I want predict if rainfall will be 720.1 mm then how many yield will be there?
If anyone help me how to get predicted yield ? I want to compare Predicted yield vs given yield.
First, you should not use Normalizer in this case. It doesn't normalize across features. It does it along rows. You may not want it.
Use MinMaxScaler or RobustScaler to scale each feature. See the preprocessing docs for more details.
Second, these classes have a inverse_transform() function which can convert the predicted y value back to original units.
x = np.asarray([720.1,382.9,1198.2,341.4,406.4,325.8,
791.8,748.6,1552.6,1357.7,344.3]).reshape(-1,1)
y = np.asarray([64799.30,77232.40,88487.70,77338.20,145602.05,67680.50,
84536.20,99854.00,65939.90,61622.80,66439.60]).reshape(-1,1)
scalerx = RobustScaler()
x_scaled = scalerx.fit_transform(x)
scalery = RobustScaler()
y_scaled = scalery.fit_transform(y)
Call your statsmodel.OLS on these scaled data.
While predicting, first transform your test data:
x_scaled_test = scalerx.transform([720.1])
Apply your regression model on this value and get the result. This result of y will be according to the scaled data.
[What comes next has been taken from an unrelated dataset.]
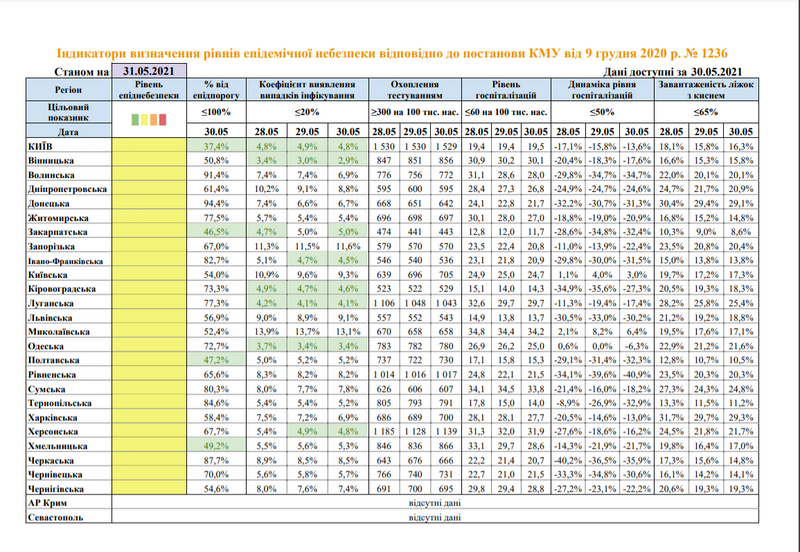 При этом, стоит отметить, что некоторые области приближаются к "зеленой" зоне. Среди них: г. Киев, Винницкая, Закарпатская, Ивано-Франковская, Кировоградская, Луганская, Одесская, Полтавская, Херсонская и Хмельницкая.

Yield_scaled = b0 + b1 * x_scaled_test
So inverse transform it to get data in original units.
Yield_original = scalery.inverse_transform(Yield_scaled)
But in my opinion, this linear model will not give much accuracy, because when I plotted your data, this is the result.
This data will not be fitted with linear models. Use other techniques, or get more data.